Twinkle Twinkle Little Planet

Sounds wrong because the extra syllable blemishes the aesthetic quality of the symmetry of the rest of the poem.


Planets do twinkle, in fact. Its just that we do not notice. And it is the hallmark of a truly good (and bored) scientist to correct a misconception, even if it is only superhuman vision that can salvage the fallacy.

The atmosphere is a sea of air. Air is a fluid. Which means it is not vacuum. Therefore it has a refractive index. The density of air changes with altitude, so the refractive index also changes. Any light that enters the atmosphere (except from the normal vector, obviously) is bent.

Stars are very far away. They are so far away that they appear as point sources of light. So if we were to draw a ray diagram for a star, we would only need a single line to denote star light. It so happens that due to the constant ‘flow’ of the atmosphere, some times that star light is refracted so that it momentarily does not reach our eyes. That is called twinkling.

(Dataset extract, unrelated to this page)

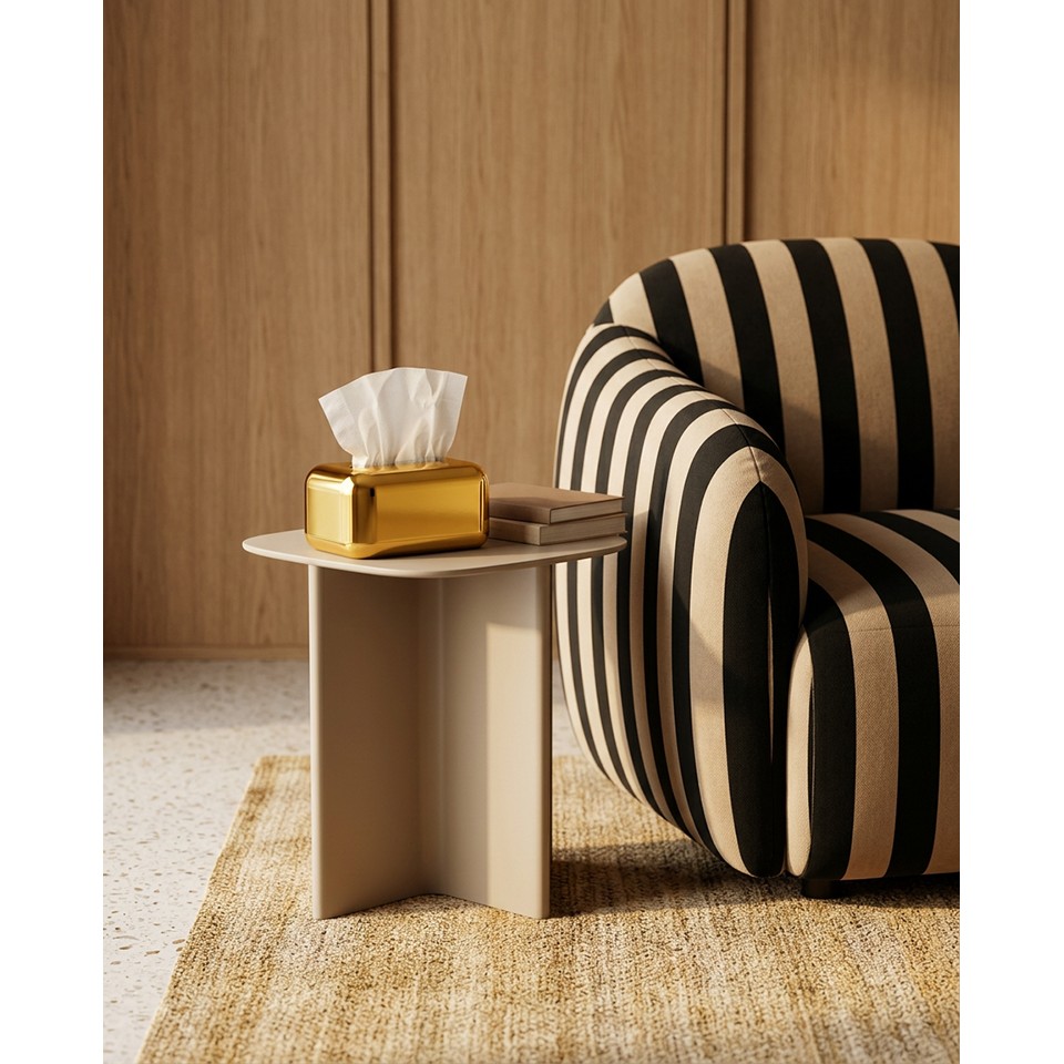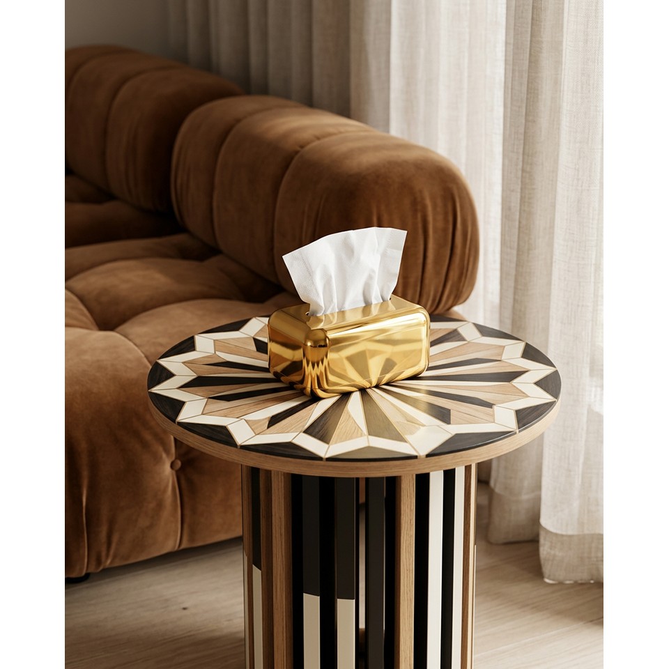 Praktyczny otwór umożliwia wygodne przechowywanie chusteczek, łącząc codzienną funkcjonalność z estetyką dekoracyjnego dodatku. To prosty sposób na uporządkowanie przestrzeni i nadanie jej wyjątkowego blasku.

Planets are not that far away. Since they are nearer they can be resolved as light sources with a dimension. So a ray diagram for a planet will have multiple lines denoting light coming from different points on the planet. That light is also bent the same way as star light. And individual rays also sometimes bend enough so that they do not reach our eyes. But there are enough rays that do reach our eyes that we do not notice the slight change in the planet’s brightness. Hence we do not notice the planet twinkling.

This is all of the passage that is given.